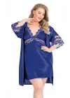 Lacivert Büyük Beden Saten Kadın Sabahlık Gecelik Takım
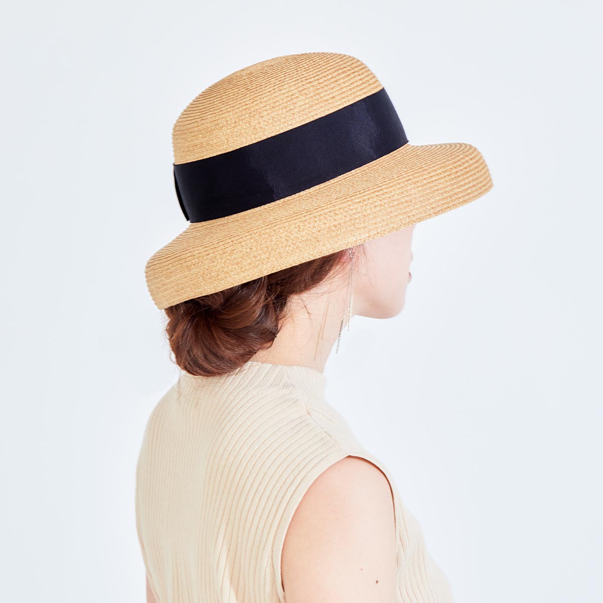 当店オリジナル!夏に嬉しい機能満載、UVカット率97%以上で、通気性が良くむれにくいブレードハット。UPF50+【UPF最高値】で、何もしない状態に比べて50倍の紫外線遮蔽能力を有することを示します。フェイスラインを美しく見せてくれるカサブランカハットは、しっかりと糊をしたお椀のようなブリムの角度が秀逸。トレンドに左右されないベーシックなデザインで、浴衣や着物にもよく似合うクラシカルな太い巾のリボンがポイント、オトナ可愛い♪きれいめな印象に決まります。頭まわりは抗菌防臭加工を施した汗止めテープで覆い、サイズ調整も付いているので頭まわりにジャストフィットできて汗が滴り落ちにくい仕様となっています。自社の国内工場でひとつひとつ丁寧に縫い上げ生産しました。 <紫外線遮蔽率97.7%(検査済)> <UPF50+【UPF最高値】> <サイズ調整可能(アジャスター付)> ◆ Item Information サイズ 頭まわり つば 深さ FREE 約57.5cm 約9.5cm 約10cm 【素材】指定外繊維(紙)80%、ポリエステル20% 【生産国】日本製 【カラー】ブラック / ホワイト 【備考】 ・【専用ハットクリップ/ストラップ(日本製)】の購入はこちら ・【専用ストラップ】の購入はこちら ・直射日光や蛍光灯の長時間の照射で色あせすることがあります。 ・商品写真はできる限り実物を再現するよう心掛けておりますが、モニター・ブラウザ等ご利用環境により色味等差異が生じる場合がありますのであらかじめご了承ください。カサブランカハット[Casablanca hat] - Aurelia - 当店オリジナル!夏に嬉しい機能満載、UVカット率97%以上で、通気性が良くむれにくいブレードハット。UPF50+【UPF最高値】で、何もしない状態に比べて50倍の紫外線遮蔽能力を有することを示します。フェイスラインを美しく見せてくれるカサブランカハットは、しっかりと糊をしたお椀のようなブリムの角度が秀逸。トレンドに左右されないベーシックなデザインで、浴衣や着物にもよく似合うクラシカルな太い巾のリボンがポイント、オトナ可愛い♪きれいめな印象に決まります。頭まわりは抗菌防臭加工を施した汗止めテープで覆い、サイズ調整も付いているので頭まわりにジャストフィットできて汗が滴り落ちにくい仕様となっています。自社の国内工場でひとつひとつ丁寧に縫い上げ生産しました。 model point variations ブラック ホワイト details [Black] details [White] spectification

————————

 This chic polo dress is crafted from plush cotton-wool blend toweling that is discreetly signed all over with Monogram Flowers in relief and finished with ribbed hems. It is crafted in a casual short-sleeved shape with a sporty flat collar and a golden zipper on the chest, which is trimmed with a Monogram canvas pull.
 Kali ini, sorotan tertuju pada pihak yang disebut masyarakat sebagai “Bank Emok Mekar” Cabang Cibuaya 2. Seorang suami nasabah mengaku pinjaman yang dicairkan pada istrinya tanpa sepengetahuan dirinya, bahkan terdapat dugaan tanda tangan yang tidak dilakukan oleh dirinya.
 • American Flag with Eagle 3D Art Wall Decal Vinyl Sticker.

————————

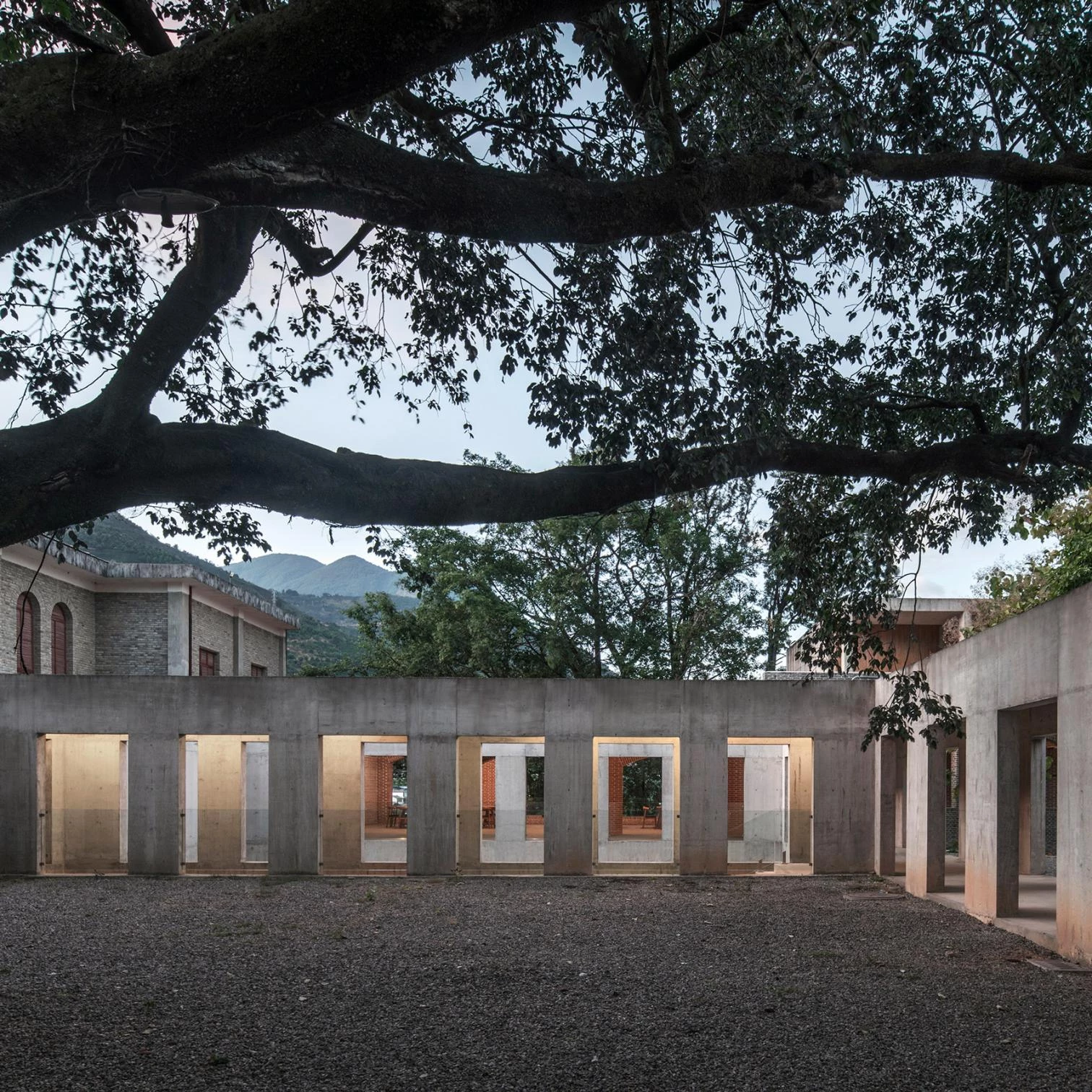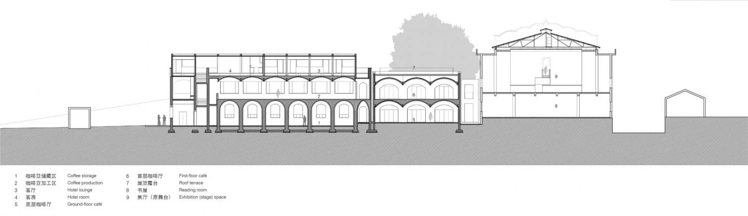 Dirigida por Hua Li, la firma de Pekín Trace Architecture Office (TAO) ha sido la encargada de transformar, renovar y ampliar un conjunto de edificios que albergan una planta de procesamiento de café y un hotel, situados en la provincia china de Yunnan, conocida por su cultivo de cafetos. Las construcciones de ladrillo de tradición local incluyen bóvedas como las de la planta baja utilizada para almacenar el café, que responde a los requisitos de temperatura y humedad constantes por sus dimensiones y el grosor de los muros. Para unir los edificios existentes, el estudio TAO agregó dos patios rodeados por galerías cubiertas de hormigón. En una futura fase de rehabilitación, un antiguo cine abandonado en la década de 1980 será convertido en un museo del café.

————————

Pull out all lines from the entries above that include the word "with".

Response for this exercise ▸
 This chic polo dress is crafted from plush cotton-wool blend toweling that is discreetly signed all over with Monogram Flowers in relief and finished with ribbed hems. It is crafted in a casual short-sleeved shape with a sporty flat collar and a golden zipper on the chest, which is trimmed with a Monogram canvas pull.
 • American Flag with Eagle 3D Art Wall Decal Vinyl Sticker.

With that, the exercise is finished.